Natural-Language-Processing

Create a Classifier for Sentiment Analysis with NLTK

NLTK is the most popular Python package for Natural Language processing, it provides algorithms for importing, cleaning, pre-processing text data in human language and then apply computational linguistics algorithms like sentiment analysis.

Date Set

NLTK also includes many easy-to-use datasets in the nltk.corpus package. We are using movie_reviews package for this Project. In particular in the movie_reviews dataset we have 2000 text files, each of them is a review of a movie, and they are already split in a neg folder for the negative reviews and a pos folder for the positive reviews.

Tokenize Text in Words

The first step in Natural Language processing is generally to split the text into words, this process might appear simple but it is very tedious to handle all corner cases, see for example all the issues with punctuation we have to solve if we just start with a split on whitespace. nltk has a sophisticated word tokenizer trained on English named punkt. hen we can use the word_tokenize function to properly tokenize this text.

Build a bag-of-words model

The simplest model for analyzing text is just to think about text as an unordered collection of words (bag-of-words). This can generally allow to infer from the text the category, the topic or the sentiment.

From the bag-of-words model we can build features to be used by a classifier, here we assume that each word is a feature that can either be True or False. We implement this in Python as a dictionary where for each word in a sentence we associate True, if a word is missing, that would be the same as assigning False.

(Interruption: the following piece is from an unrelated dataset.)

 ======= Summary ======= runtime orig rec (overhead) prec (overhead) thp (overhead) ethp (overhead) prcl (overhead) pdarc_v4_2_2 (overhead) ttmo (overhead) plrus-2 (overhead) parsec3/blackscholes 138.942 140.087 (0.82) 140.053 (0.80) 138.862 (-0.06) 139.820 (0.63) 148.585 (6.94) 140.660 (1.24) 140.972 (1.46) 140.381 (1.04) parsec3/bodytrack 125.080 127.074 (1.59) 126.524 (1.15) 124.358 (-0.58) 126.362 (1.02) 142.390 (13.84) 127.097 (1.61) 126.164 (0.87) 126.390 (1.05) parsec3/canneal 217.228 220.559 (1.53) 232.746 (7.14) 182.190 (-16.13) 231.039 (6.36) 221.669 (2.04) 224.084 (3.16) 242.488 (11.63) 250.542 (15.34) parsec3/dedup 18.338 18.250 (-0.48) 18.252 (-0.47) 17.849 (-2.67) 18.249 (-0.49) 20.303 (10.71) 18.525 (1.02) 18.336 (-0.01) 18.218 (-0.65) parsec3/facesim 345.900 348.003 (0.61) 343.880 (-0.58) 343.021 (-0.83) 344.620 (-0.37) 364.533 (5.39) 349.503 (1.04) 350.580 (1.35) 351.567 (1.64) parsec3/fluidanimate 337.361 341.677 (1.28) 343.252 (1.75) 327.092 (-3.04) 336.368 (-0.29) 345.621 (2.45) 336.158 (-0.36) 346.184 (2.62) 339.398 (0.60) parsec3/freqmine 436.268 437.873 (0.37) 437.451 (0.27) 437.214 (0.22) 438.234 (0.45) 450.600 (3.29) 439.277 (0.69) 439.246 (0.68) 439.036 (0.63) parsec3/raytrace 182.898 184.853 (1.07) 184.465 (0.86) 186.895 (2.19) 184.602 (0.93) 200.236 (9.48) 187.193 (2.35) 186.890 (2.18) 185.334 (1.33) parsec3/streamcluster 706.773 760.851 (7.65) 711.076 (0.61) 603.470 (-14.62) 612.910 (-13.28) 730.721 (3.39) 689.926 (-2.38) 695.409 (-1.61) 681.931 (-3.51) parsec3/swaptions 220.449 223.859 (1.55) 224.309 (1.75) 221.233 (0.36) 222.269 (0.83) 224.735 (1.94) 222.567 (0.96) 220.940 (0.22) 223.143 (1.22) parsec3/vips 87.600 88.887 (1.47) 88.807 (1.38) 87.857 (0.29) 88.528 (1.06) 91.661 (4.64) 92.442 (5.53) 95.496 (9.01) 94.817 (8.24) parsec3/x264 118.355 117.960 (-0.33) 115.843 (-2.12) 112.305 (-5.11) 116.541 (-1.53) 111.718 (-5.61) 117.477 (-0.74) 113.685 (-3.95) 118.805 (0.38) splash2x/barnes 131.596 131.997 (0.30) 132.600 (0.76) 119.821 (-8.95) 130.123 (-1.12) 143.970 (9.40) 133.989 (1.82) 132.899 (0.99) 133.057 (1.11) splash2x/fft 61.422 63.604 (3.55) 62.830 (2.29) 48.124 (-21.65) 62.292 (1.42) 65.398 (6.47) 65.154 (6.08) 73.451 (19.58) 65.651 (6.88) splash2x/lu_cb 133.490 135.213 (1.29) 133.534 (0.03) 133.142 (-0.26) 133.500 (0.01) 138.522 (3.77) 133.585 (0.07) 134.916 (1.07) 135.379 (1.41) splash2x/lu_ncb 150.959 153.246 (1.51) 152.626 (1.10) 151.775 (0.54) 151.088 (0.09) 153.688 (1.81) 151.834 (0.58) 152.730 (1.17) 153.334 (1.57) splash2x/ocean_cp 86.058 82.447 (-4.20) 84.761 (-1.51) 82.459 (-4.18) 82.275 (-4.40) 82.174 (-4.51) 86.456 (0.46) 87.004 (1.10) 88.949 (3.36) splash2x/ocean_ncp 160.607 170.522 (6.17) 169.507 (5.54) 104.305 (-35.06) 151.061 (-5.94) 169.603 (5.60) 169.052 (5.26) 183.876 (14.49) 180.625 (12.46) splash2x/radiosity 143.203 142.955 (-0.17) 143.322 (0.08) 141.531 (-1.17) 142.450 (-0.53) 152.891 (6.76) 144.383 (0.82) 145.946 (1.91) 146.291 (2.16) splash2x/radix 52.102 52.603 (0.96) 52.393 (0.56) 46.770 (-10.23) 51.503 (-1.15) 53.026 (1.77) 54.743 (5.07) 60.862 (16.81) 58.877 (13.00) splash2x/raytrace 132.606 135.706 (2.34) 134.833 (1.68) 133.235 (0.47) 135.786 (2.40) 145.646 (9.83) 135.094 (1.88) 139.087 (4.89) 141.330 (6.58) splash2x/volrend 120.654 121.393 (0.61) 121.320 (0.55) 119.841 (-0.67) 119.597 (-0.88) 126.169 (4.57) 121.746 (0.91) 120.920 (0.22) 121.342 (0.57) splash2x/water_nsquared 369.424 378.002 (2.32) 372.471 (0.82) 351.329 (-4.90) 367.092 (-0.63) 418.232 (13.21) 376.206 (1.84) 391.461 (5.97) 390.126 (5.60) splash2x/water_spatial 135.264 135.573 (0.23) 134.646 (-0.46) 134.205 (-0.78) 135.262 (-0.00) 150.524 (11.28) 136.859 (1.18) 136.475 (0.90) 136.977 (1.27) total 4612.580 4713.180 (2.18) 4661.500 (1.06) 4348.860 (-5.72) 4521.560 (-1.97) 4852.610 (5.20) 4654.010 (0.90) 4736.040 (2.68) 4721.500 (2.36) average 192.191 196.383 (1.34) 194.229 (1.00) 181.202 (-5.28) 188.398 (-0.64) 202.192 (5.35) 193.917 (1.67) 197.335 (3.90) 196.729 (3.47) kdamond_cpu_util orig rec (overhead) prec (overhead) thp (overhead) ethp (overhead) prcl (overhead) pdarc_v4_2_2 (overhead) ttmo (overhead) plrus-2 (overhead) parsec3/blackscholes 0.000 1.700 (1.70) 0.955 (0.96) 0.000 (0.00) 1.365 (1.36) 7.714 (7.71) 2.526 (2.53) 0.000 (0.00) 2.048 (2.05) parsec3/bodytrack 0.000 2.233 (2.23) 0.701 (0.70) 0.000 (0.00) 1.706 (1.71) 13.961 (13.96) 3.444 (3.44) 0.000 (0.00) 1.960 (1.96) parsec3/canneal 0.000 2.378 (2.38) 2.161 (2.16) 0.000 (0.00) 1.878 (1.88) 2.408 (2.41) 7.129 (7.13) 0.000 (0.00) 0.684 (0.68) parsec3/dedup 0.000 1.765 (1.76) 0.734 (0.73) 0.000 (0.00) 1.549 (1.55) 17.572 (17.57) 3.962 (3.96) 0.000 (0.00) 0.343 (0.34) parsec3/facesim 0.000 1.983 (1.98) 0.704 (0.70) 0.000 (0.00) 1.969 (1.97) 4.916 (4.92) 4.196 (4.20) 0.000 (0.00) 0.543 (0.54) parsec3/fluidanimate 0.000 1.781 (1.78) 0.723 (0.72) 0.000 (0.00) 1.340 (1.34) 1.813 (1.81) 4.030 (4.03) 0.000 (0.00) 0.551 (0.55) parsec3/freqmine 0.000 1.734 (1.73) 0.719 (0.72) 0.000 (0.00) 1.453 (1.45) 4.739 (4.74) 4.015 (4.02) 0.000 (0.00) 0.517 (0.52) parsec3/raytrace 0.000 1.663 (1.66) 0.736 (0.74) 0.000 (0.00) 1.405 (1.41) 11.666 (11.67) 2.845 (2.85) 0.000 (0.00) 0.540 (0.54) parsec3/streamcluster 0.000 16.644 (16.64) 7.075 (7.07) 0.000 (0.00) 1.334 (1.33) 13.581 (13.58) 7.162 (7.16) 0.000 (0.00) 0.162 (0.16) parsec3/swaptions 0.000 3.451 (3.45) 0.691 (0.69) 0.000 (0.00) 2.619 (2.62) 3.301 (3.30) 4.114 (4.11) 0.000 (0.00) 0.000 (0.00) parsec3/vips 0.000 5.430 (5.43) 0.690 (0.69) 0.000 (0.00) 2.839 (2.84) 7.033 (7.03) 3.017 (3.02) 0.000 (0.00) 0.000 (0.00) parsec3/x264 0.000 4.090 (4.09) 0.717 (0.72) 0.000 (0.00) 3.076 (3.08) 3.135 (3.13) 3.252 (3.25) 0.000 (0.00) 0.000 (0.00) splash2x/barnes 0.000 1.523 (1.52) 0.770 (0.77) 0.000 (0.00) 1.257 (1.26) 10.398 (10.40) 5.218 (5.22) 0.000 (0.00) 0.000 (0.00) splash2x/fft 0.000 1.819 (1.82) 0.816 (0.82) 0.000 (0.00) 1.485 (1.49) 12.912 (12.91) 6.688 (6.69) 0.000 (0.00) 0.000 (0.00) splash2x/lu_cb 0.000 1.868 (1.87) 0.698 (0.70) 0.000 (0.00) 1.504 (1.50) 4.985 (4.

Train a Classifier for Sentiment Analysis

Using our build_bag_of_words_features function we can build separately the negative and positive features. Basically for each of the 1000 negative and for the 1000 positive review, we create one dictionary of the words and we associate the label "neg" and "pos" to it.

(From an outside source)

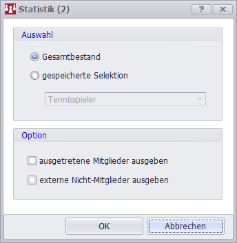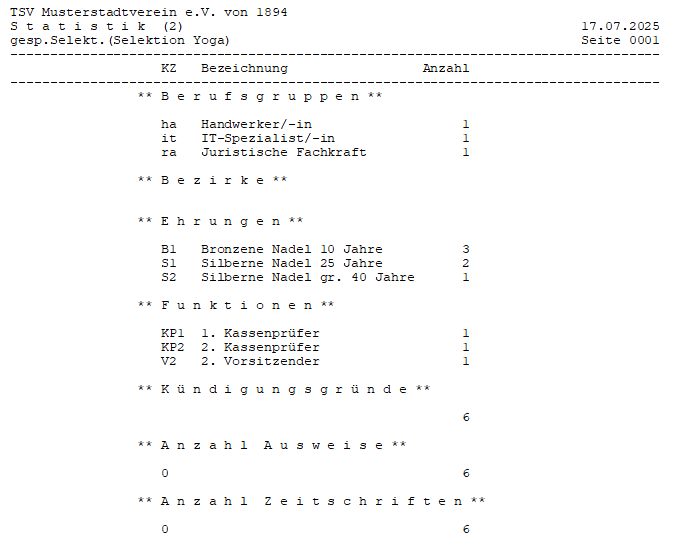 Mit der Funktion „Statistik (2)“ werten Sie Ihre Mitgliederdaten nach verschiedenen organisatorischen Merkmalen aus. Im Gegensatz zur allgemeinen Mitgliederstatistik, die sich auf Alter und Abteilungen konzentriert, erhalten Sie hier Übersichten zu Stammdaten wie Funktionen, Ehrungen, Bezirken oder Berufsgruppen.

We are using NaiveBayesClassifier from nltk librabry to generate model.

Evaluate the Classifier

Accuracy of the model on the training set i.e. the same data used for training, we expect this to be a very high number because the algorithm already "saw" those data. Accuracy is the fraction of the data that is classified correctly, we can turn it into percent. It is 98.06%.

The accuracy above is mostly a check that nothing went very wrong in the training, the real measure of accuracy is on the remaining 20% of the data that wasn't used in training, the test data. That is 71.75%.

So we can consider the accuracy here is around 70% which is pretty good for such a simple model if we consider that the estimated accuracy for a person is about 80%.